After that, I wanted to know, what will happen after a recrawl if pages
disappear. So I logged into the CMS and deleted a category of pages.
After a recrawl, updatedb, invertlinks etc, my crawldb looked like this:
root@hrz-vm180:/home/nutchServer/intranet_nutch/runtime/local/bin#
./nutch readdb crawl/crawldb/ -stats
CrawlDb statistics start: crawl/crawldb/
Statistics for CrawlDb: crawl/crawldb/
TOTAL urls: 1999
retry 0: 1999
min score: 0.0
avg score: 0.04724062
max score: 7.296
status 3 (db_gone): 169
status 6 (db_notmodified): 1830
CrawlDb statistics: done
That's what I had expected. 169 pages are gone.

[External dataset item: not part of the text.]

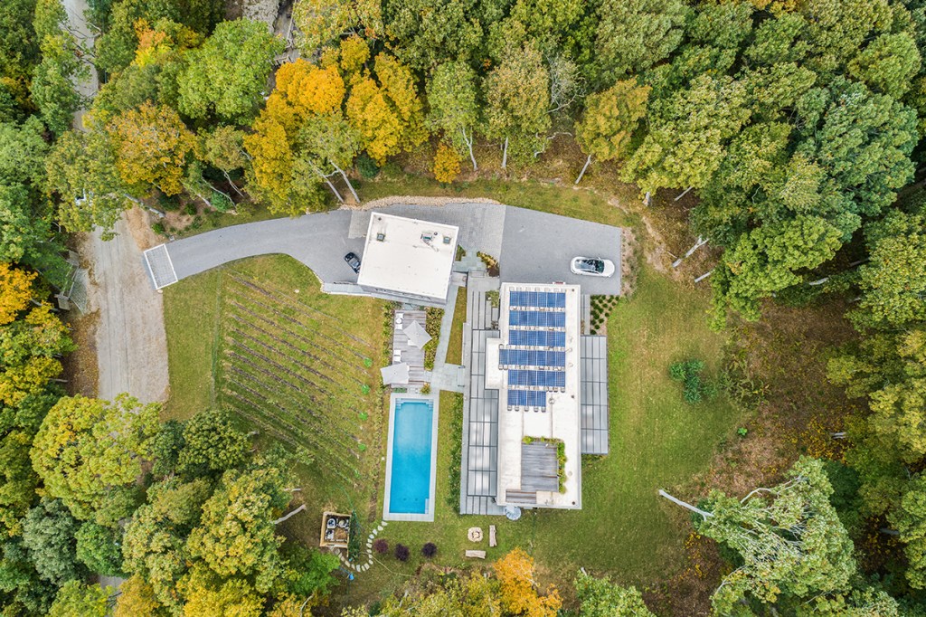 Located off the coast of the Peconic River near Long Island, N.Y., this 4,105-square-foot house is built out of concrete, the façade articulated by design to create a pattern, but mostly used for rapidity of construction, durability, and ease of upkeep. The upper portion of the pool house is cladded with horizontal cedar siding boards of variable widths and depths—a salute to the local building vernacular used on Shelter Island, which is accessible only by ferry. The house is intended to minimize its carbon footprint by providing solar electricity for heating and cooling and other usages, in addition to employing ultra-efficient means of construction to maximize conservation. A vegetable garden surrounds the deck adjacent to solar panels. The electricity generated by the sun keeps the house warm via the radiant floor heating system during colder months and charges the family’s electric cars.

Fine.
Next I'd run solrclean and solrdedup.
root@hrz-vm180:/home/nutchServer/intranet_nutch/runtime/local/bin#
./nutch solrclean crawl/crawldb/ http://hrz-vm180:8983/solr
SolrClean: starting at 2011-07-18 15:04:51
SolrClean: deleting 169 documents
SolrClean: deleted a total of 169 documents
SolrClean: finished at 2011-07-18 15:04:54, elapsed: 00:00:02
So SolrClean says, that it deletes all of the 169 documents that are gone.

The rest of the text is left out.